> _THE DATA_:
******************************

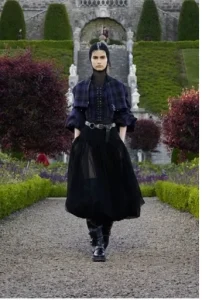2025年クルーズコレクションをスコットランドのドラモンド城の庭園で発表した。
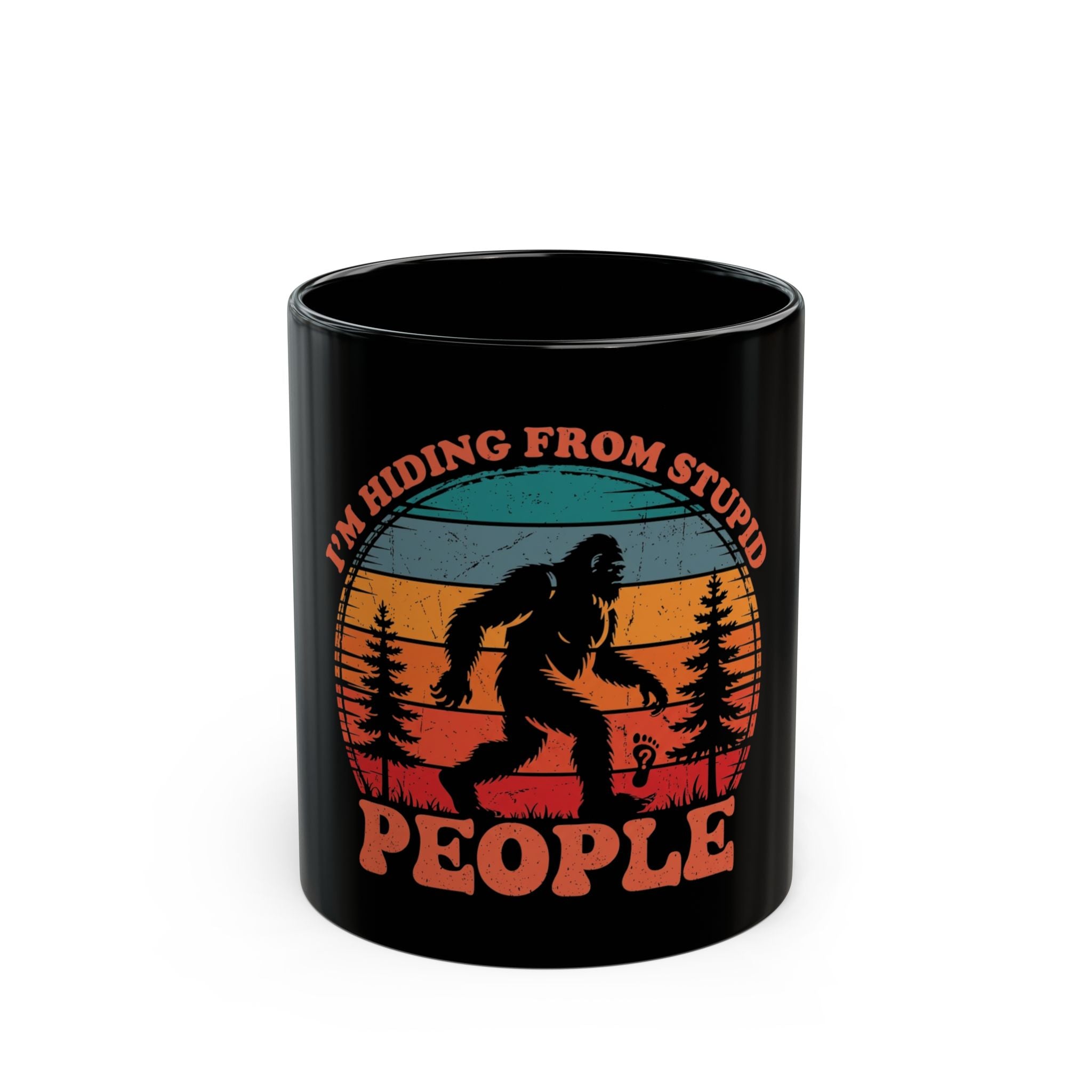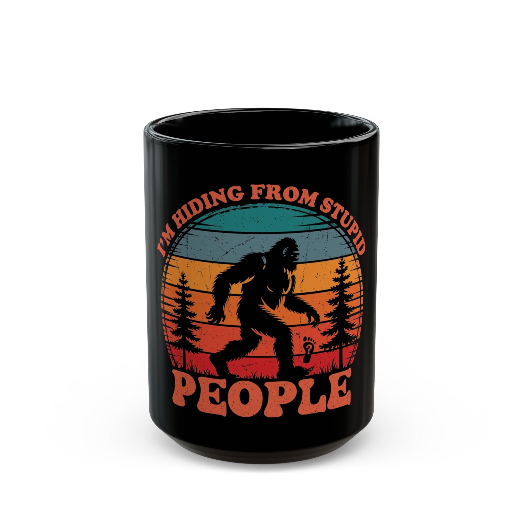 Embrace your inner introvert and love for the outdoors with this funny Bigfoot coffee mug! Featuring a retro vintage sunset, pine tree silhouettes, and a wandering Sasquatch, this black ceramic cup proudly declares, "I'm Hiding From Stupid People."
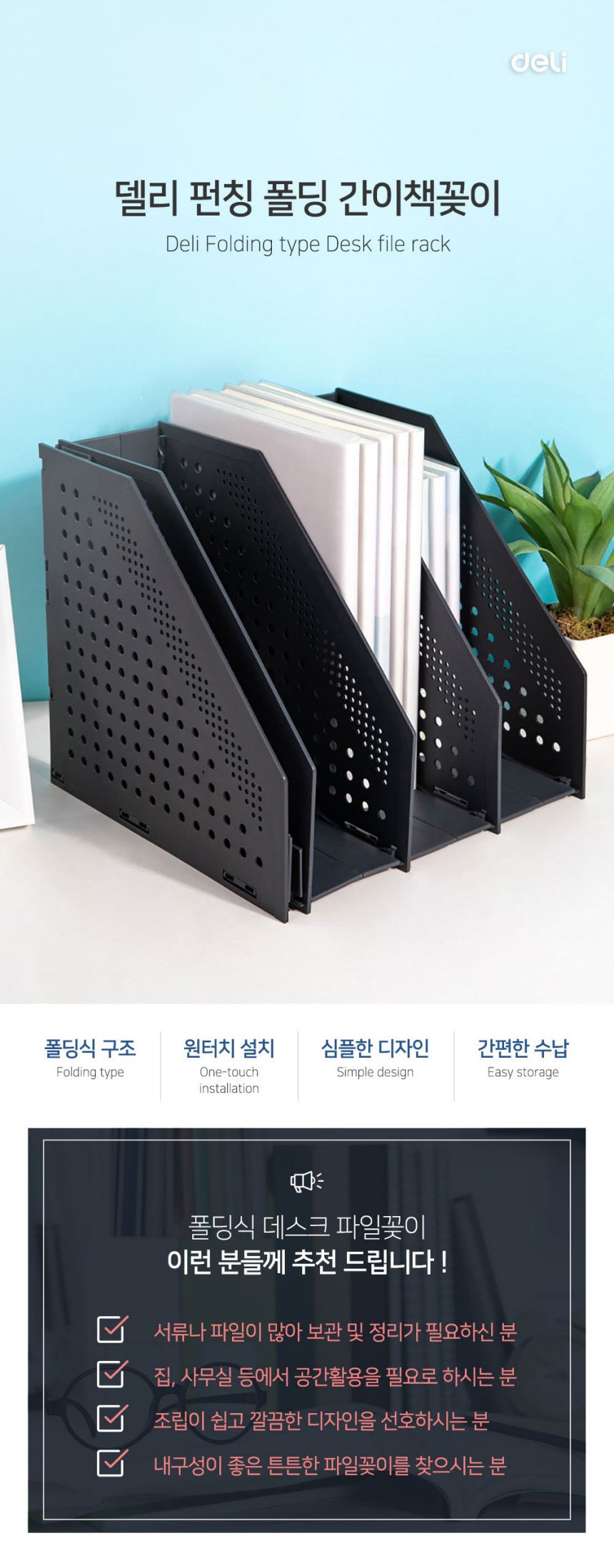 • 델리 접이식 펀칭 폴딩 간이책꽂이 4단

******************************

> _TASK TO CARRY OUT_: Each line from the one that contains "Embrace your inner" to the end of the listing must be quoted exactly; no other line and no picture belongs in the copy.

> _SOLUTION_:
 Embrace your inner introvert and love for the outdoors with this funny Bigfoot coffee mug! Featuring a retro vintage sunset, pine tree silhouettes, and a wandering Sasquatch, this black ceramic cup proudly declares, "I'm Hiding From Stupid People."
 • 델리 접이식 펀칭 폴딩 간이책꽂이 4단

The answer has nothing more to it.